> _WORK TASK_
Go to the line below that has "Dr.Sumは、ウイングアー", print it and each line after it exactly, and stop after the line that has "Hesba lila vállán"; leave out pictures.

> _AVAILABLE RECORDS_
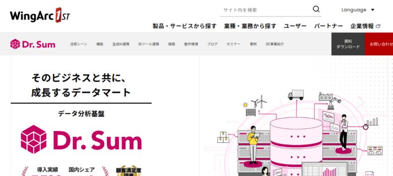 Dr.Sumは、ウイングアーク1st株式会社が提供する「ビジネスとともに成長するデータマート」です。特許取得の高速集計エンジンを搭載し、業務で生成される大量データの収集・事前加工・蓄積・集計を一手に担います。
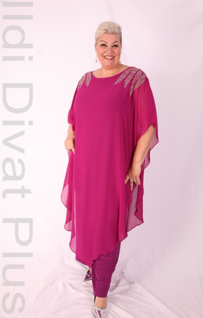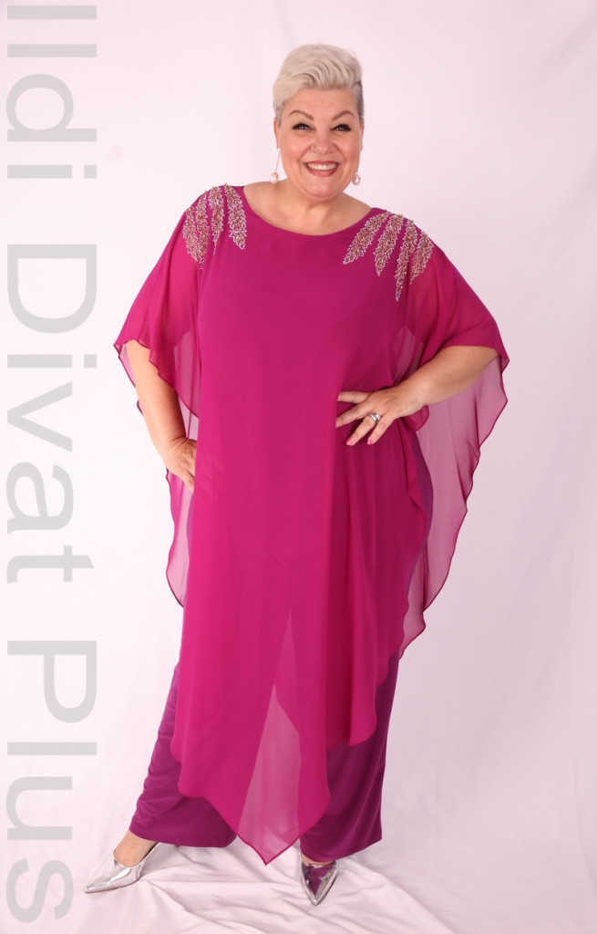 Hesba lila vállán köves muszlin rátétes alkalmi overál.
==
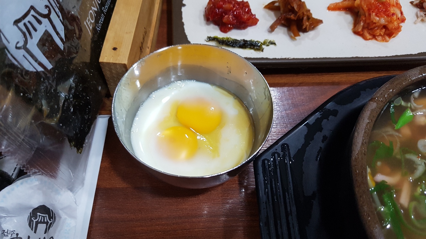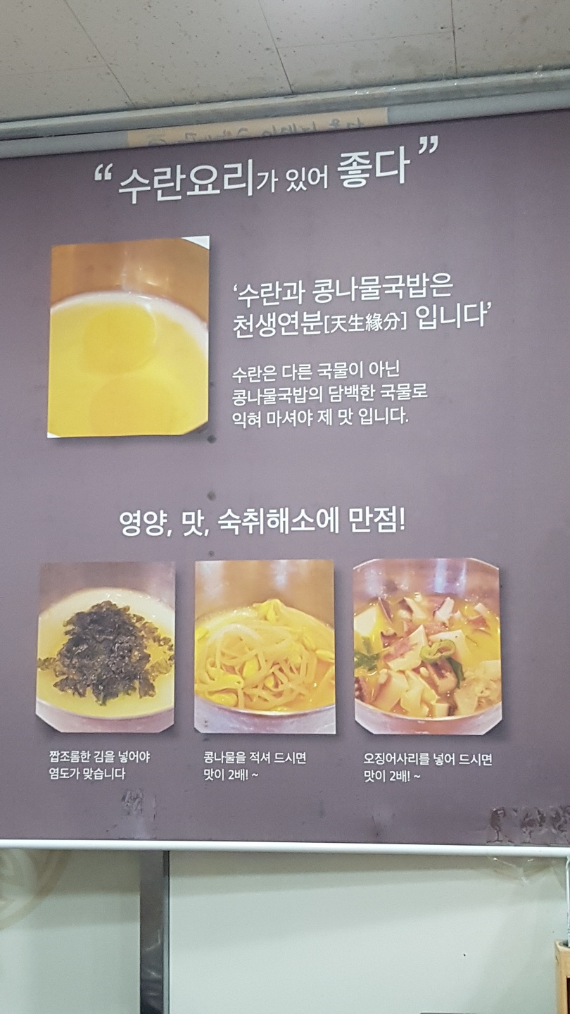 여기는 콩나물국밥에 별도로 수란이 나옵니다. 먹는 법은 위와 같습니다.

> _YOUR RESPONSE_
 Dr.Sumは、ウイングアーク1st株式会社が提供する「ビジネスとともに成長するデータマート」です。特許取得の高速集計エンジンを搭載し、業務で生成される大量データの収集・事前加工・蓄積・集計を一手に担います。
 Hesba lila vállán köves muszlin rátétes alkalmi overál.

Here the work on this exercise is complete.